§ HOW TO COMPLETE THIS TASK
Please set down only the lines running from the one with "Ladies of Living" through the last line of the entries, exactly as written and without any pictures.

[Collected data]
○ ○ ○ ○ ○ ○ ○

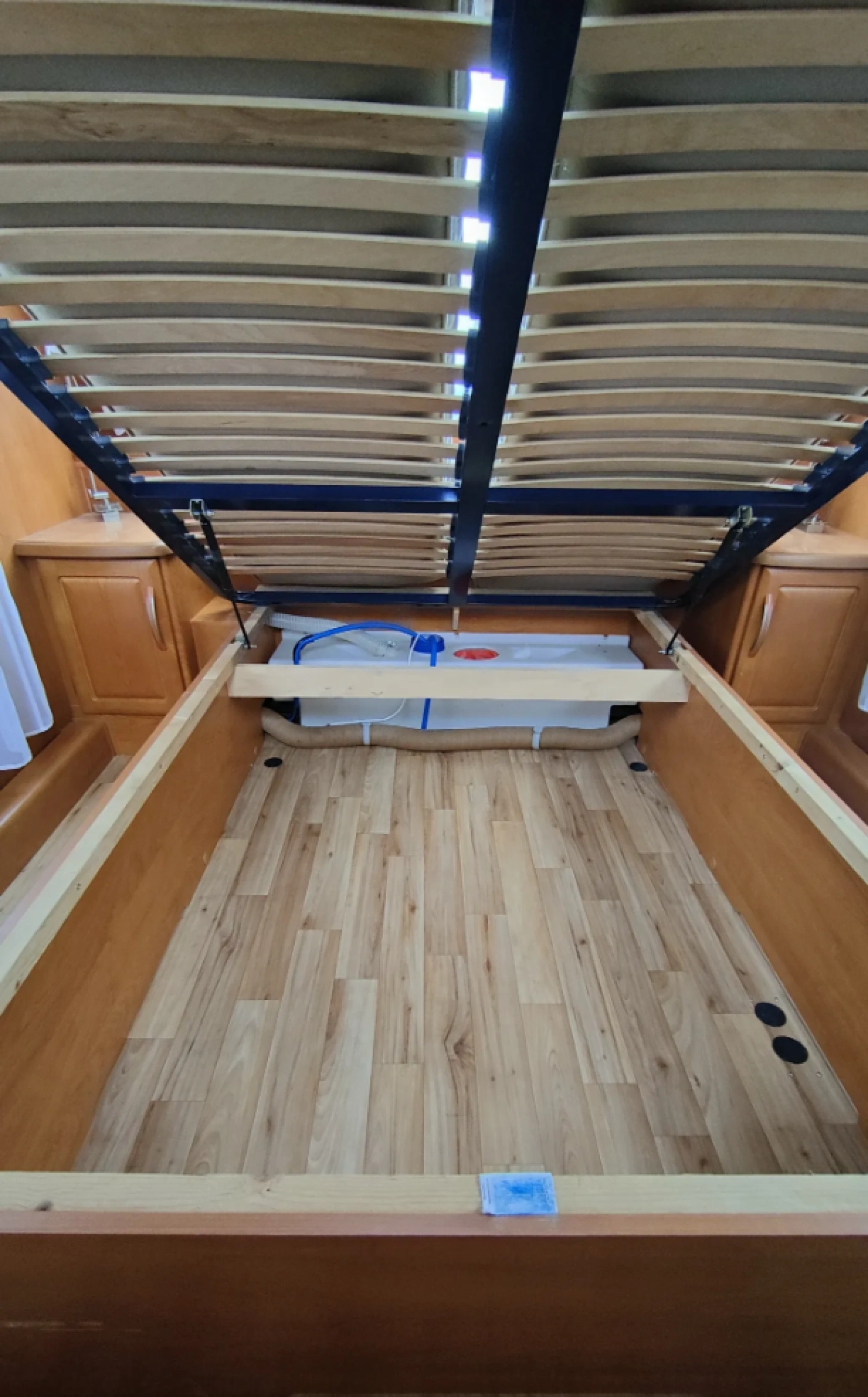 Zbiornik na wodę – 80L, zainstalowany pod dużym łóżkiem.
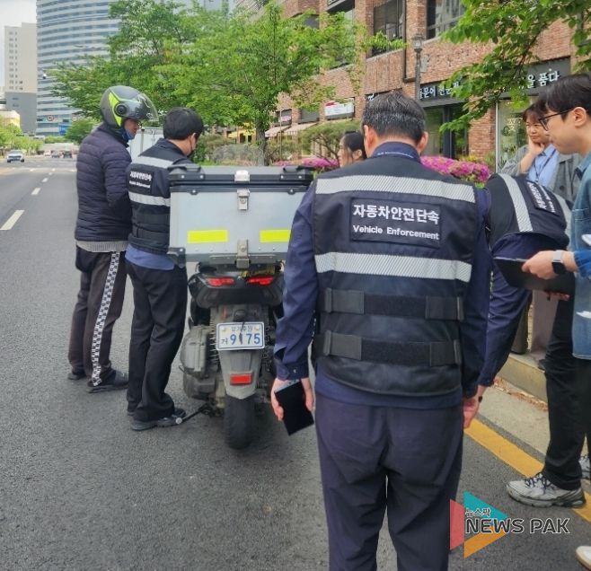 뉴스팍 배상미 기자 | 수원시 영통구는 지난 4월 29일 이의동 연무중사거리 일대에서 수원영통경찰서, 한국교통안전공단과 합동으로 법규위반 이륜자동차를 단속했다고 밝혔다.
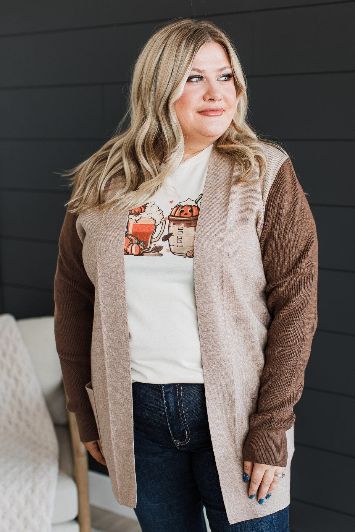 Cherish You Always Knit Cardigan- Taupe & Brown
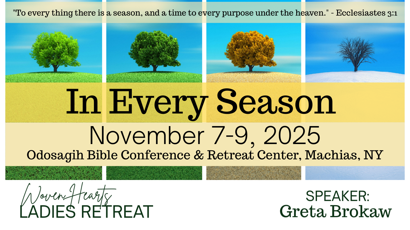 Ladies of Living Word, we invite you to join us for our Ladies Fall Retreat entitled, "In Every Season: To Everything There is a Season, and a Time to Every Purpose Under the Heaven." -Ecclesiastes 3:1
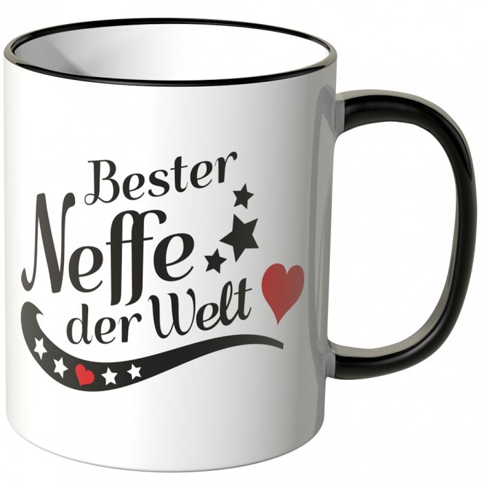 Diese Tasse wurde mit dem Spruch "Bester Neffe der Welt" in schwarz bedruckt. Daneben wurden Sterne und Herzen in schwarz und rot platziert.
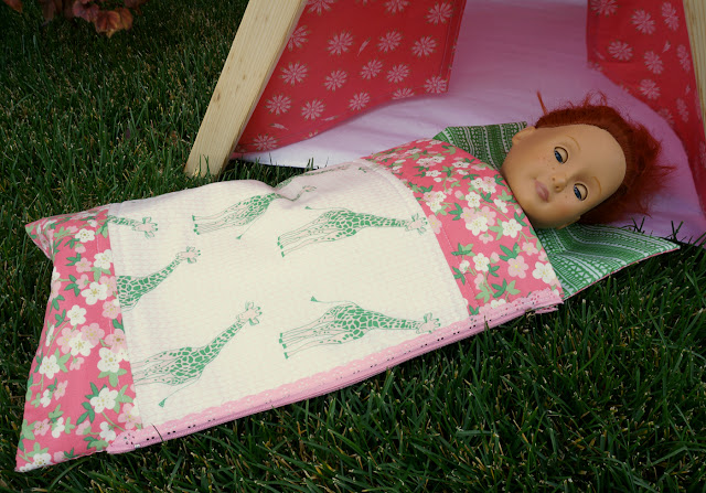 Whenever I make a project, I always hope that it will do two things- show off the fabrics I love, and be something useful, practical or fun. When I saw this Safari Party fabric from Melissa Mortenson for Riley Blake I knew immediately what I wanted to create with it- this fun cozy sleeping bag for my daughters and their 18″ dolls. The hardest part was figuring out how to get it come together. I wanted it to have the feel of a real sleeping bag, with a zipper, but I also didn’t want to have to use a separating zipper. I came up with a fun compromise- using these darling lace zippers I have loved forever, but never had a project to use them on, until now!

○ ○ ○ ○ ○ ○ ○

§ SOLUTION TO THIS TASK
 Ladies of Living Word, we invite you to join us for our Ladies Fall Retreat entitled, "In Every Season: To Everything There is a Season, and a Time to Every Purpose Under the Heaven." -Ecclesiastes 3:1
 Diese Tasse wurde mit dem Spruch "Bester Neffe der Welt" in schwarz bedruckt. Daneben wurden Sterne und Herzen in schwarz und rot platziert.
 Whenever I make a project, I always hope that it will do two things- show off the fabrics I love, and be something useful, practical or fun. When I saw this Safari Party fabric from Melissa Mortenson for Riley Blake I knew immediately what I wanted to create with it- this fun cozy sleeping bag for my daughters and their 18″ dolls. The hardest part was figuring out how to get it come together. I wanted it to have the feel of a real sleeping bag, with a zipper, but I also didn’t want to have to use a separating zipper. I came up with a fun compromise- using these darling lace zippers I have loved forever, but never had a project to use them on, until now!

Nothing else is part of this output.